Cardinality, The Well Ordering Principle

The Well Ordering Principle

Does every set have a well defined size? Can every set be mapped onto a cardinal? Can the elements of every set be well ordered? The "well ordering principle" says yes, but it really depends on the axiom of choice. In fact the well ordering principle and the axiom of choice are equivalent. Either implies the other.

First assume the well ordering principle holds, hence every set can be well ordered. We want to prove the axiom of choice.

Consider an indexed collection of sets Ax for every x in S. (Here S is the indexing set.) Assume each Ax is nonempty. Let U be the union over Ax and let P be the product set. Let w be any well ordering on U, which exists by the well ordering principle. Write a formula that pairs each x with the least element in Ax, according to w. Turn this formula into a set by comprehension, and realize that this set belongs to P. Thus P is nonempty, and the axiom of choice is true.

Conversely, assume the axiom of choice and let S be a set that cannot be well ordered. Let W be the set of subsets of S that can be well ordered. Verify that W is indeed a set, an application of the formula "can be well ordered" applied to the power set of S. Note that S ∉ W, since S cannot be well ordered.

Let f be any function from W into S. In other words, the well ordered subsets of S are mapped back into S. We wish to show there is some subset q ∈ W such that f(q) ∈ q.

If S is the integers, such a function f might start out looking like this. Each subset maps to a point not in the subset, for a while, but eventually this must fail.

(2,5,7) → 13
(5,6,9,23) → 4
(6) → 19
(even numbers) → 17
(prime numbers) → 77
…
q = (4,37,93,105,433,629,1383,…) → 93

Let f be any function as described above. Let S0 = f(∅). Let S1 = f(S0), S2 = f({S0,S1}), S3 = f({S0,S1,S2}), and so on. We are defining a new function e(ordinals) recursively. At each step the value of e() is determined by the value of f on a well ordered subset of S. At some point e is applied to an ordinal that will not fit into S, hence e is not a 1-1 function. Let b be the least ordinal such that e(b) = e(c) for some c < b. Let q be the set of points S0 S1 S2 .. up to but not including Sb. Now f(q) = Sc, which is contained in q. We have produced a subset q such that f(q) belongs to q.

Let P be the direct product of the power set of S, without the empty set and without S itself. Imagine selecting an element from each subset. In other words, a choice function maps each subset to an element in that subset. Let c() be such a function. We know c() exists, thanks to the axiom of choice.

Build a new function f(), on the subsets of S, such that f(x) is c applied to the complement of x. Now f maps every subset to an element outside of that subset. Bring in an ordered pair that maps the empty set to something in S. Now the domain of f is all the proper subsets of S, and f never maps a subset to any element of that subset. Our previous collection W, well ordered subsets of S, does not include S, and is part of the domain of f. Yet we showed that such a function cannot exist. There will always be some f(q) ∈ q. Therefore S can be well ordered.

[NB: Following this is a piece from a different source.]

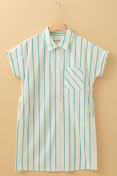 St Patricks Striped Wide Short Sleeve Shift Mini Shirt Dress
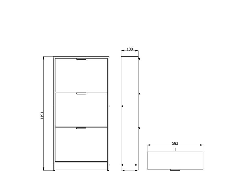 Cipelar BASE 13, u opak belom dezenu, poseduje tri police za odlaganje sezonske obuće, a zahvaljujući svojim dimenzijama funkcionalno je rešenje za uređenje predsoblja manjih dimenzija.

The axiom of choice is equivalent to the well ordering principle, which asserts a well ordering on every set. Either implies the other.

Given the well ordering principle, every set is represented by a cardinal. Any two sets can be compared, and the "sizes" of sets are linearly ordered. In fact they are well ordered, according to the cardinals.

As a corollary, a function from S onto T implies |S| ≥ |T|. Take the inverse of f, selecting the least element in each preimage, and build a 1-1 map from T into S.

If separate functions map S onto T, and T onto S, then two injections embed T in S, and S in T. Use the Schroder Bernstein theorem to produce a bijection between S and T, hence they have the same cardinality. But again, this is only valid if the axiom of choice holds.